= VEGAS algorithm =

Algorithm

The VEGAS algorithm, due to G. Peter Lepage, is a method for reducing error in Monte Carlo simulations by using a known or approximate probability distribution function to concentrate the search in those areas of the integrand that make the greatest contribution to the final integral.

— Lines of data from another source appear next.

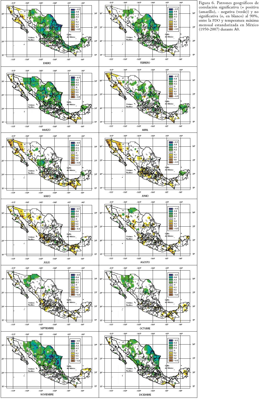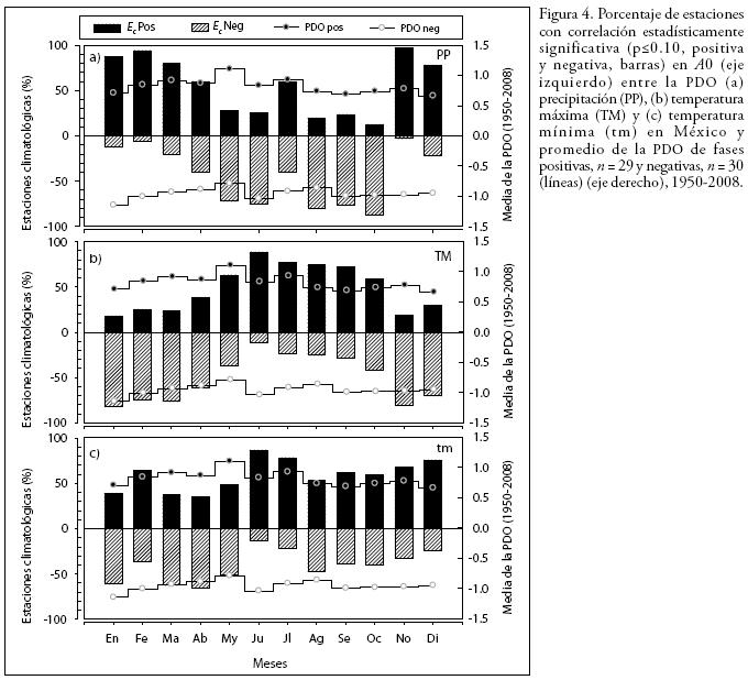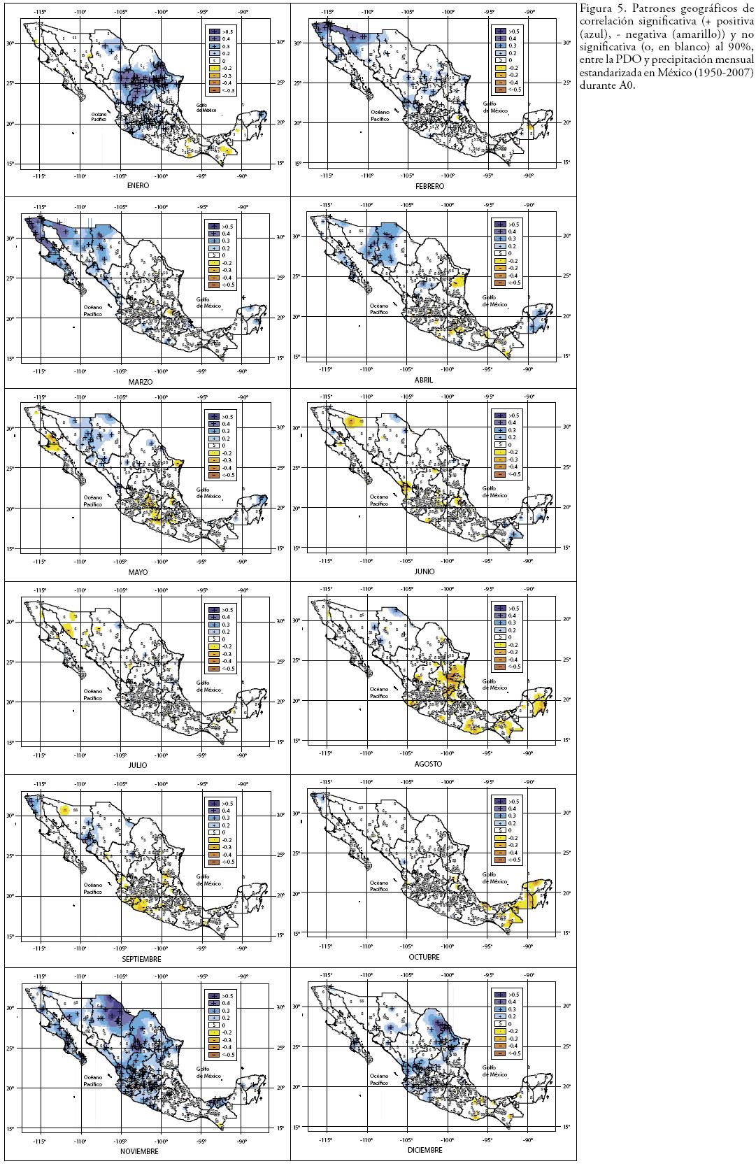 Los patrones geográficos de correlación de PDOtm de este estudio, son afines a lo documentado por Pavia et al. (2006) en temperatura media durante verano, pero también a lo documentado por Cavazos y Hastenrath (1990) usando el Índice de la Oscilación del Sur. Englehart y Douglas (2002) han documentado que las teleconexiones más fuertes (PPmodas climáticas) ocurren en la fase positiva de la PDO, mismas que son responsables de eventos extremos de precipitación en el sur de México (Peralta et al., 2009).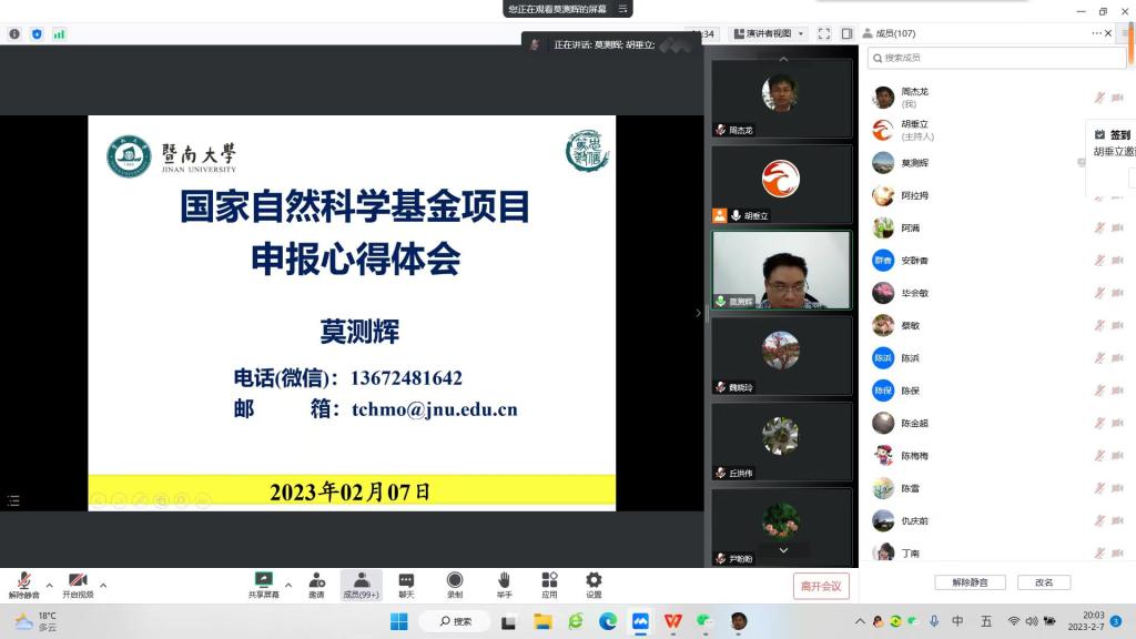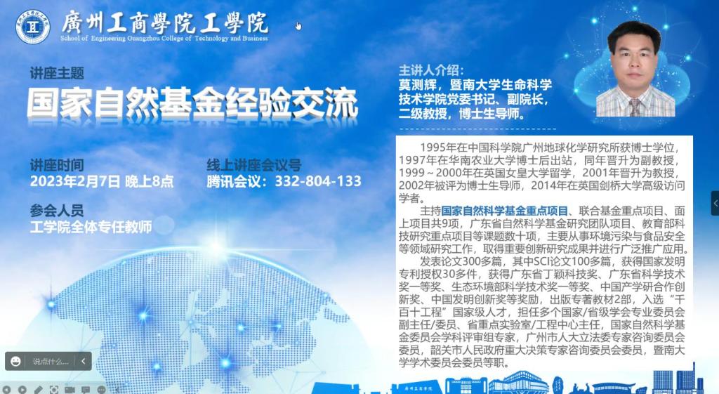 2月7日晚,工学院通过腾讯会议组织全体教师召开了国家自然科学基金项目申报经验交流分享会。会议邀请了暨南大学生命科学技术学院党委书记、副院长,国家自然科学基金重点项目获得者莫测辉教授分享申请国家自然科学基金项目的心得,全体专任教师参会。会议由副院长胡垂立副教授主持。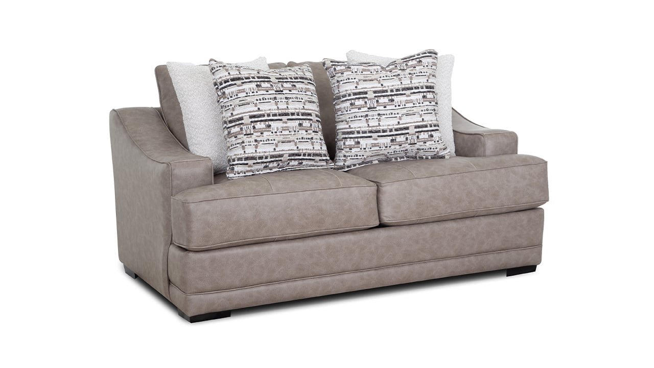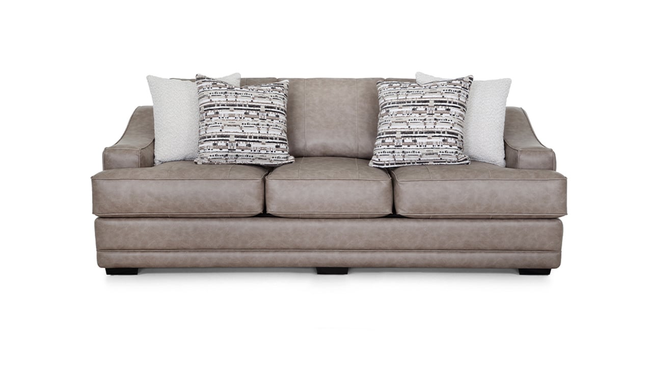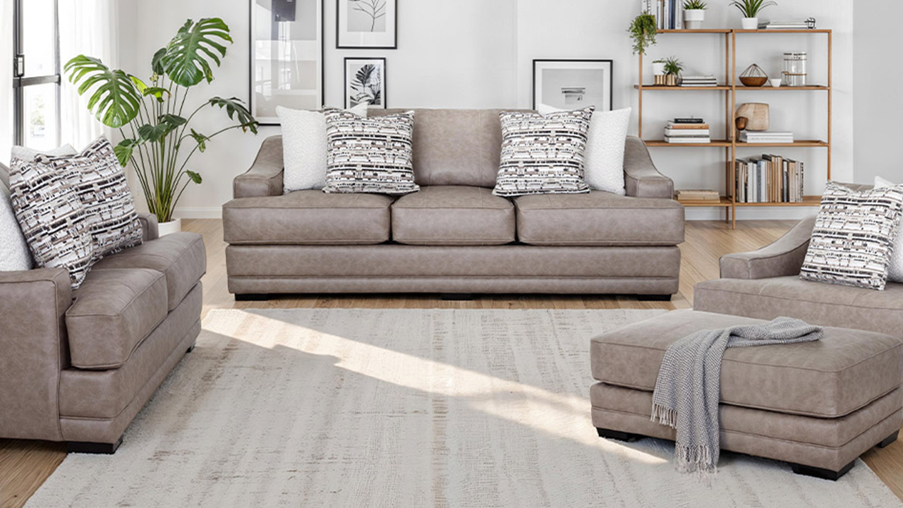 The Duvall 3-Piece Sofa Set in natural combines luxury, comfort, and timeless style. Featuring a sofa, loveseat, and chair, each piece is wrapped in soft, leather-like fabric with deep, overstuffed cushions, padded inset slope arms with mini piecrust welting, and coordinating throw pillows. Reversible cushions and the WOW Gel-Blended Seating System ensure lasting comfort and support.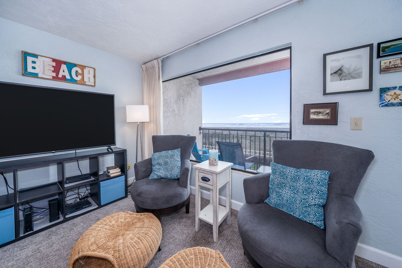 Step inside this quaint beach-themed unit for a relaxing vacation on the Oregon coast. The living room is beautifully decorated in blues and corals for a real beach feeling. A flatscreen TV with a DVD player is included for entertainment when the weather isn't cooperative. There is also a private back deck included in this unit, just step outside and enjoy your oceanfront view of the Pacific Ocean and the Seaside boardwalk! A dining room table seats four, with more room located at the kitchen counter, complete with barstools. The kitchen has everything you need to whip up a quick and easy homemade meal. Head down the hallway, and you'll find the bedroom, complete with a queen bed and another flatscreen TV. The sleeper sofa and a queen Murphy bed are available in the living room. One bathroom offers a walk-in shower, while the other has a tub/shower combo. Head downstairs, and take a walk on the Prom down to the Seaside shops and restaurants, or relax and watch a beautiful sunset on the beach with your family. It doesn't get any better than here in Seaside! Come explore the Oregon coast today at Seaside Beach Club #203!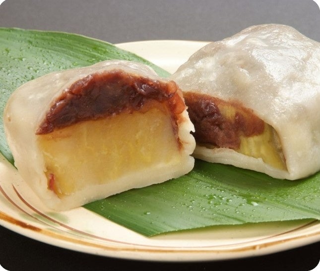 さつま芋の上に甘さ控えめの粒あんをのせ、もっちり食感のうす皮の団子で包んで蒸した郷土菓子。 熊本で長く親しまれてきたおいしさです。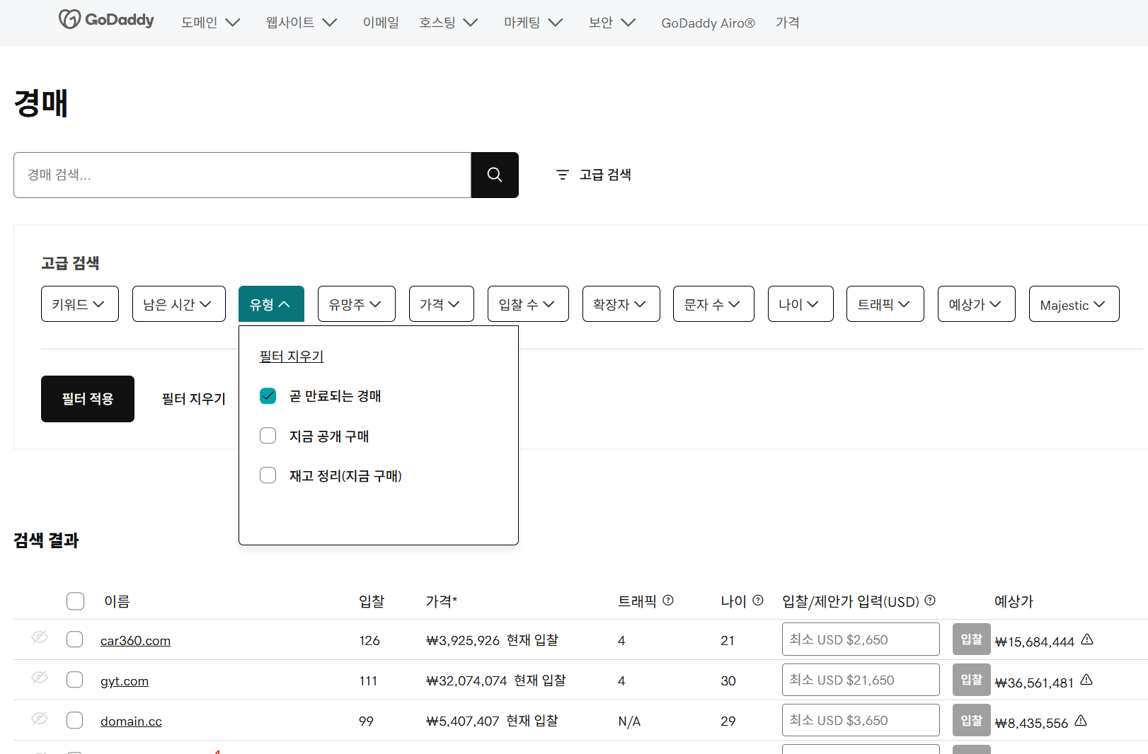 GoDaddy 경매> ‘유형’ 선택 > ‘곧 만료되는 경매’ 선택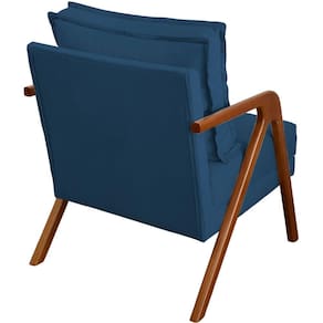 Ademais, os materiais em sua produção permitem uma qualidade excelente, tornando ela confortável por sua espuma D-23, bonita por seu acabamento em tecido suede e forte por seus pés e braças em madeira maciça ( suporta até 150 kg).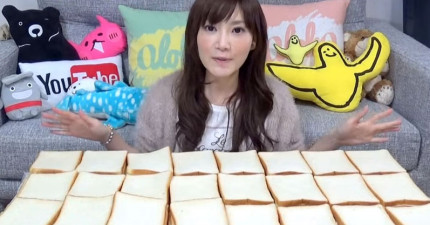 這個超瘦的美女要挑戰「一口氣吃完100片吐司」,沒想到這個挑戰對她來說最困難的部分是…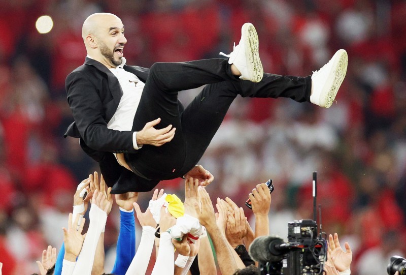 لاعبو المنتخب المغربي يحملون المدرب وليد الركراكي عقب التأهل لدور الـ 16 في المونديال.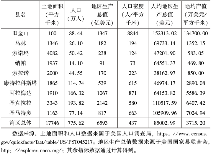 世界上有几大公认的发达湾区,如纽约湾区、旧金山湾区和东京湾区,它们是粤港澳大湾区比照的标杆。这里以旧金山湾区为例,将其基本经济概况与粤港澳大湾区相比较,考察两者之间的差距所在。旧金山湾区位于美国西海岸的加利福尼亚州北部,通常分为东湾、北湾、半岛和南湾四大片区,涵盖了9个县(county)、101个市(city),土地面积共计约1.77万平方千米,人口超过775万(见表2)。旧金山湾区以环境优美、科技发达著称,经济实力雄厚。2016年旧金山湾区地区生产总值达到6593亿美元,若将其视为一个“国家”,经济总量可居世界第18位,领先于荷兰、瑞士和瑞典等欧洲传统经济强国。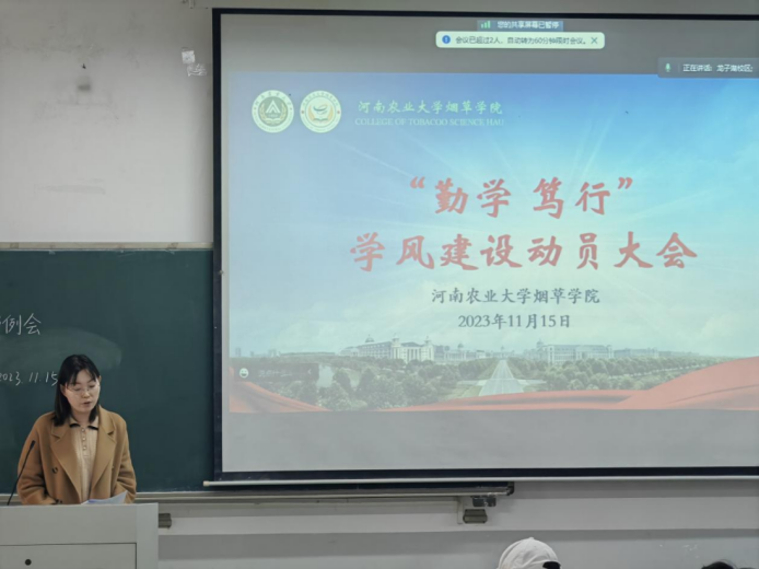 于龙子湖校区和桃李园校区同时举办开展学风建设动员大会,学院团委老师崔静宇、胡旦旦及全体学生干部和班委参会,会议由院团委书记王雪婧主持。

The VEGAS algorithm is based on importance sampling. It samples points from the probability distribution described by the function $|f|,$ so that the points are concentrated in the regions that make the largest contribution to the integral. The GNU Scientific Library (GSL) provides a VEGAS routine.

==Sampling method==

In general, if the Monte Carlo integral of $f$ over a volume $\Omega$ is sampled with points distributed according to a probability distribution described by the function $g,$ we obtain an estimate $\mathrm{E}_g(f; N),$

$\mathrm{E}_g(f; N) = {1 \over N } \sum_i^N { f(x_i)} / g(x_i) .$

The variance of the new estimate is then

$\mathrm{Var}_g(f; N) = \mathrm{Var}(f/g; N)$

where $\mathrm{Var}(f;N)$ is the variance of the original estimate, $\mathrm{Var}(f; N) = \mathrm{E}(f^2; N) - (\mathrm{E}(f; N))^2.$

If the probability distribution is chosen as $g = |f|/\textstyle \int_\Omega |f(x)|dx$ then it can be shown that the variance $\mathrm{Var}_g(f; N)$ vanishes, and the error in the estimate will be zero. In practice it is not possible to sample from the exact distribution g for an arbitrary function, so importance sampling algorithms aim to produce efficient approximations to the desired distribution.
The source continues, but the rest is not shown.